The dinner was attended by only me, Miss Baker, my father, my sister, and a special guest at her request--Peter. Although there was a place setting for my mother, she sent her maid to inform us that she felt too weak to come down to dinner.
For dessert, the kitchen staff wheeled in a massive three-tiered cake with pink frosting and birthday candles ablaze. I tried to appear enthusiastic as I blew them out. I truly did. But since everything felt so awful, I couldn’t quite manage it.
Not that anyone noticed. My sister was preoccupied by flirting with Peter and my father was too busy ogling the newest maid, Sally. I could have grabbed a handful of cake and shoved it into my mouth and only stern Miss Baker would have batted an eye.
After dinner, I went upstairs to see my mother. She was in bed, of course, the duvet pulled to her chest. She looked so small and pitiful that it was hard to believe she had once been a great beauty.
“The most beautiful girl in Boston,” my father liked to boast back when my sister and I were younger and my parents had at least pretended to love each other.
I know he was telling the truth. In her youth, my mother had been astoundingly beautiful. It didn’t hurt that she also hailed from one of the wealthiest families in New England. That fact, combined with her good looks, made her irresistible to my father, who was New Money through and through. A striver of unchecked ambition, he set his sights on Evangeline Staunton.
It didn’t matter that all of Boston whispered about how she had taken up with one of the servants, scandalizing her family and edging herself to the brink of being disowned. My father still pursued her with vigor.

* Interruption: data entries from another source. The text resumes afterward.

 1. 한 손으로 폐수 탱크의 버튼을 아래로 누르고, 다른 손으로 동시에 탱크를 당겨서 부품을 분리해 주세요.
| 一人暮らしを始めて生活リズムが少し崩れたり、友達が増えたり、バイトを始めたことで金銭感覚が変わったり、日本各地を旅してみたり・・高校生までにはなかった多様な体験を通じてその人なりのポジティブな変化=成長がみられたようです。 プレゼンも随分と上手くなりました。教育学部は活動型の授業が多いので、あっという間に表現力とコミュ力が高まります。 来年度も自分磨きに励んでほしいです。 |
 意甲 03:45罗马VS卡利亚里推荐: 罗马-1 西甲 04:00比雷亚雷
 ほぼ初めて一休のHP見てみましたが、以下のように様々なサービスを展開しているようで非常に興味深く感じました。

My mother, of course, enjoyed the attention. More than once, I’d heard her described as a rose blossoming in sunlight. My father’s sun must have shone bright, because in a matter of weeks they wed. My mother got pregnant immediately after and my father built Hope’s End.

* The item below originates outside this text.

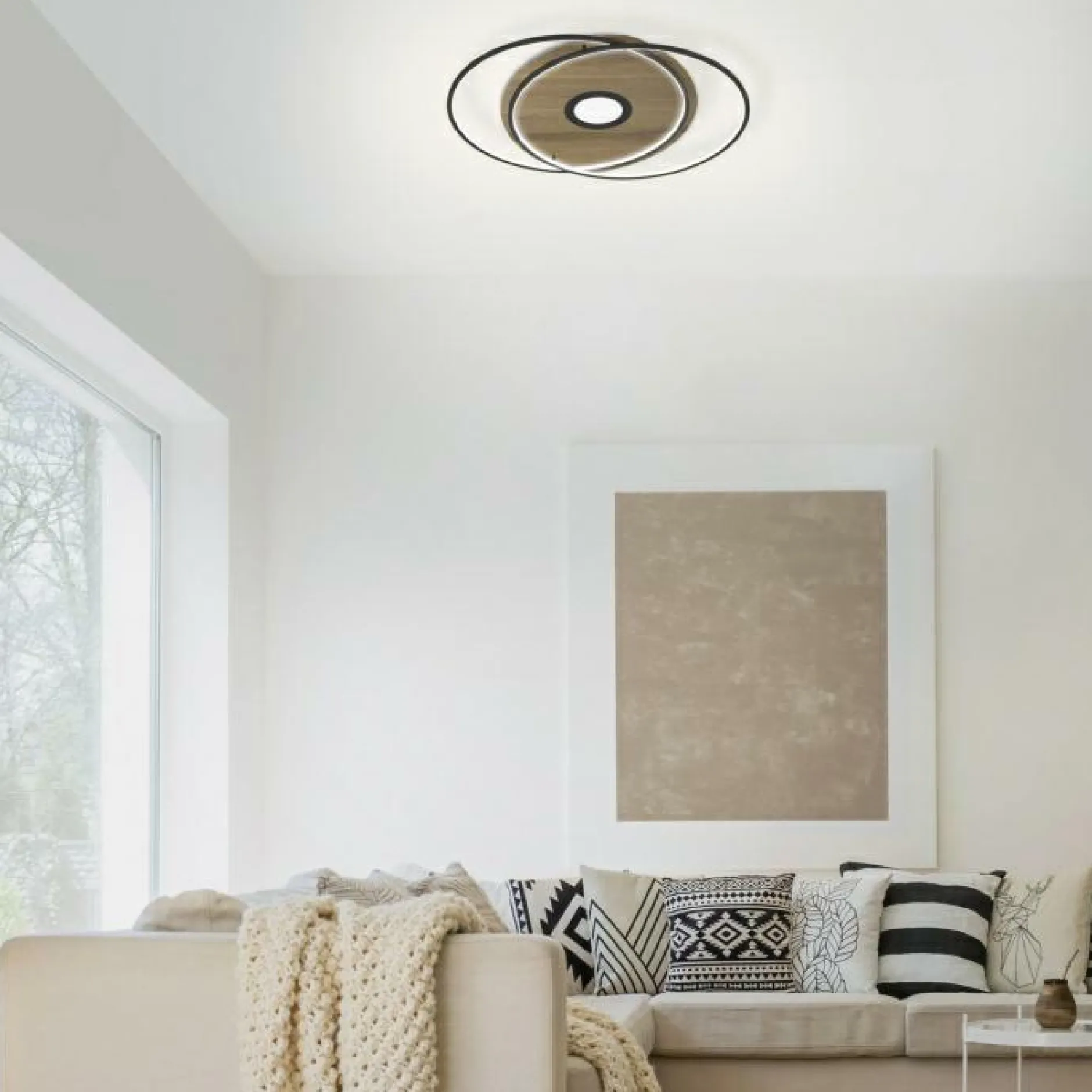 Funktionale Beleuchtung vereint diese Deckenlampe mit ansprechendem Design. Die Deckenlampe zeigt sich in einem schönen Stil und integriert sich auf tolle Weise in jedes Zimmer. In dieser Deckenleuchte kommen alle Qualitäten und Besonderheiten, die die Marke Paul Neuhaus ausmachen, zusammen. Die Leuchte hat ein Längenmaß von 75,3 Zentimetern, verfügt über ein Breitenmaß von insgesamt 62 Zentimetern und misst in der Höhe 7 Zentimeter. Die Deckenlampe im modernen Design ist für die Aufnahme von Leuchtmitteln mit einem LEDF-Sockel geeignet. Die Lampe aus Metall sorgt für eine tolle Optik und verleiht jedem Bereich außerdem mehr Ambiente. Sie fügt sich perfekt in Ihren bestehenden Wohnstil ein und kann nicht nur Beleuchtung, sondern auch ein herrliches dekoratives Element sein. Die Deckenlampe ist großartig dazu geeignet, jedes Zuhause aufzuwerten.

Years later, when his attention began to wane, my mother--like any flower removed from the light--withered. There was nothing roselike about her the night of my birthday. Pale, shriveled, and thin to the point of gauntness, she was all thorns.
“Hello, my darling,” she said, using the term of endearment meant only for me. My sister and I each had one, chosen by our parents the day we were born. My sister was dear. I was darling.

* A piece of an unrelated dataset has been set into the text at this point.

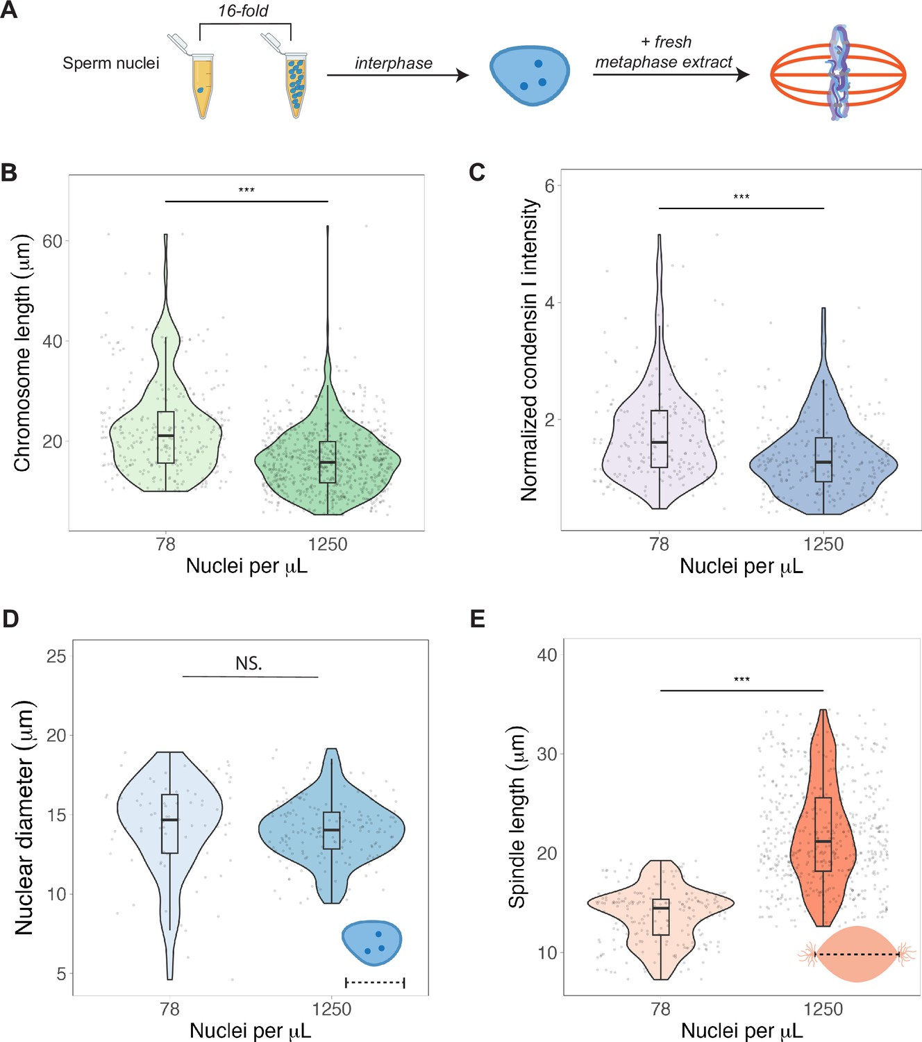 Figure 5 with 4 supplements Nuclear-cytoplasmic ratio regulates mitotic chromosome scaling, but not nuclear or spindle scaling. (A) Concentration of sperm nuclei in egg extracts was varied 16-fold to mimic concentrations found in early (78 nuclei/μL) vs. late (1250 nuclei/μL) blastula stages. (B) Quantification of mitotic chromosome lengths and (C) condensin I abundance in extracts containing high or low concentrations of sperm nuclei (difference in median intensity is 1.6-fold). (D) Nuclear diameters for samples containing low or high concentrations of sperm nuclei. (E) Spindle lengths for samples containing low or high concentrations of sperm nuclei. n = 3 biological replicates, >50 structures per replicate, ***p<0.001 by the Mann–Whitney U test. NS denotes p=0.09. Source data are available in Figure 5—source data 1. |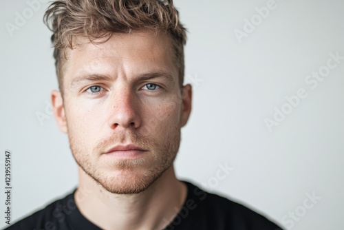 © J. Grayscale, Fototapeta premium Portrait of a Young Man with Intense Blue Eyes and Stylish Hair Against a Neutral Background

Although that night, my mother murmured it in a way that made me unsure if she was addressing me or the brown bottle of liquid resting on the pillow next to her.
Laudanum.
Her cure-all, although as far as I could tell, it cured nothing.
“Did you have a happy birthday?”
Certain it was indeed me she was talking to, I lied and told her that I did.
“I do wish we could have celebrated it in Boston,” my mother said.
As did I. To me, Boston was another universe I was only allowedto enjoy once a year before being whisked back to the banality of Hope’s End. It had everything this place didn’t. Restaurants and shops, theaters and cinemas. The last time we visited was right after Christmas. I tasted champagne for the first time, rode a swan boat in Boston Common, went to the movies, and saw Mickey Mouse in “Steamboat Willie.” I couldn’t wait to return.
“Perhaps my next birthday,” I said hopefully.